You've Been Trying To Reach Your Goals All Wrong
- Bobby Best
- Sep 3, 2022
- 2 min read

When organizing your goals, you want to create a plan to accomplish them. This is where using "step goals" can be hugely beneficial. Step goals map out a journey that will help you find clarity in why you are trying to change as well as what steps will help you get there as well as help you stay motivated in the process. This aspect of creating change can be helpful as you are constantly in the process of achieving smaller accomplishments, which stimulates the reward center of the brain and increases your motivation as well as confidence that you will succeed.
To start creating step goals you want to think of it like reverse engineering. If we were to think of where we want to go, and where we are, we can start to fill in the pieces that will help us get to our desired outcome. With the end goal in mind, we can start to break apart benchmarks that are necessary for us to slowly but surely work out a way towards where we want to go.

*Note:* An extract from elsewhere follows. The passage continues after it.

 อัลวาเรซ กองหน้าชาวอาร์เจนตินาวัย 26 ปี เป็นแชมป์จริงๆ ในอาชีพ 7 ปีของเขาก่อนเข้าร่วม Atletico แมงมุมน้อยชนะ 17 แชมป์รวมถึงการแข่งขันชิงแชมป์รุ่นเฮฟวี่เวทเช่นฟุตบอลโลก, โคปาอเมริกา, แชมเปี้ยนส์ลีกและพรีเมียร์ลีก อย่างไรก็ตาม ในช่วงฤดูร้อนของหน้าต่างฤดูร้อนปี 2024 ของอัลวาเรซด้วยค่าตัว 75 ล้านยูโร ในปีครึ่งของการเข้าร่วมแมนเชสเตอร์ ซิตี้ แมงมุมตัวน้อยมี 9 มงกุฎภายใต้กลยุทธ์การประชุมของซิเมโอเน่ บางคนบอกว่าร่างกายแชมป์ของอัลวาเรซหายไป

Let's use a hypothetical situation of someone who is getting physical therapy after a knee surgery. When you enter the physical therapy clinic, there is usually a set method for helping an individual walk again. For instance, they might want the patient to start with rehab exercises to strengthen the leg muscles, and then they want them to eventually progress to walking on thier own. To accomplish this goal, we need to understand the steps that will help build off each other that will end with the patient walking again. We can look at a step goals with this criteria in the following:
Goal 1: Get to the physical therapy clinic and start treatment
Goal 2: Undertake physical therapy to get the muscles and movement to walk again
Goal 3: Start to learn to walk with the guidance of a therapist
Goal 4: Gain confidence in walking again with supervision of a therapist in the clinic
Goal 5: Build the confidence to walk again at home with a family member or friend there for support
Goal 6: Regain the strength, confidence, and capability to walk and live independently

You can see that by identifying the end goal of being able to walk again independently, we can start to break down what other smaller actions we need to do to be successful. This give us a map of smaller goals that we can to take on onto the other. This is why they are called "step goals". Finishing one task helps place the footing for moving onto the next one which will help take you one step closer to you penultimate goal.

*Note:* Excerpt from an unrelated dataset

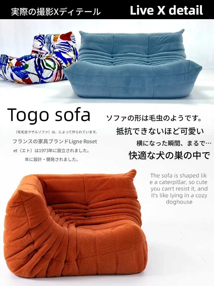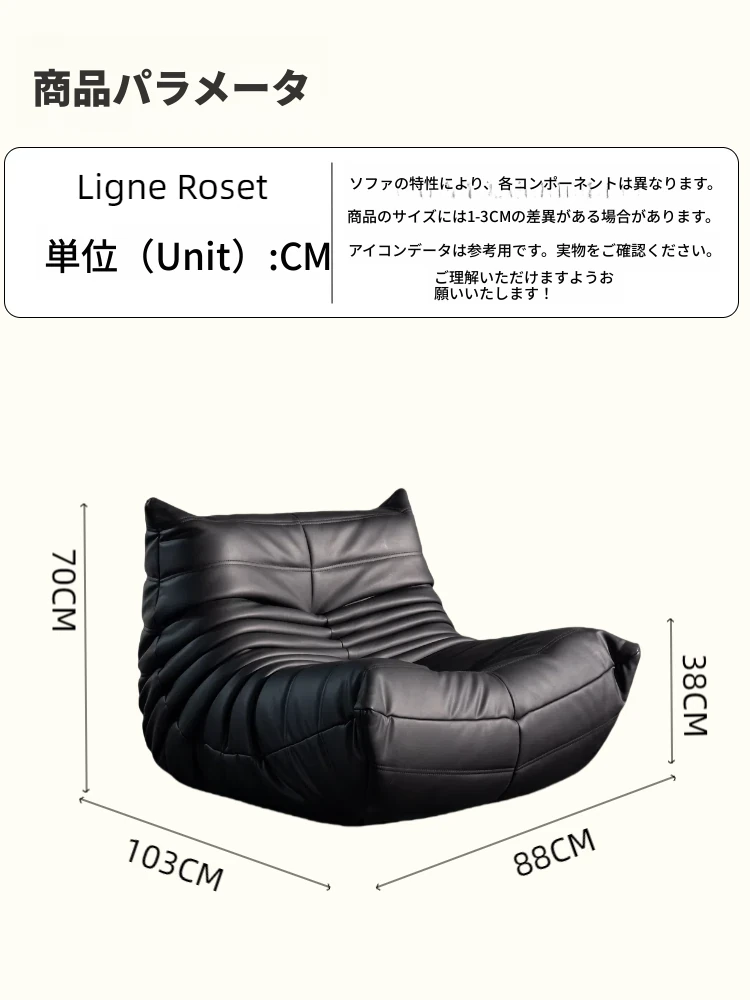 Ligne Roseのエレガンスを再現した本革製イタリアンミニマリストTogoスタイルのリラックスソファ - 柔らかなクッションで極上のくつろぎを体験!

This process, from start to finish, has been shown to be the most effective when gone correctly in helping create lasting change in your; from diving deep into why you want to set a goal in the first place, to structuring your goal so it directs focus and attention, to mapping out every step you need to take to get there. Using this method to set your goals and take the path towards growth and prosperous change will be the most successful method toward completing any goal you create in the future.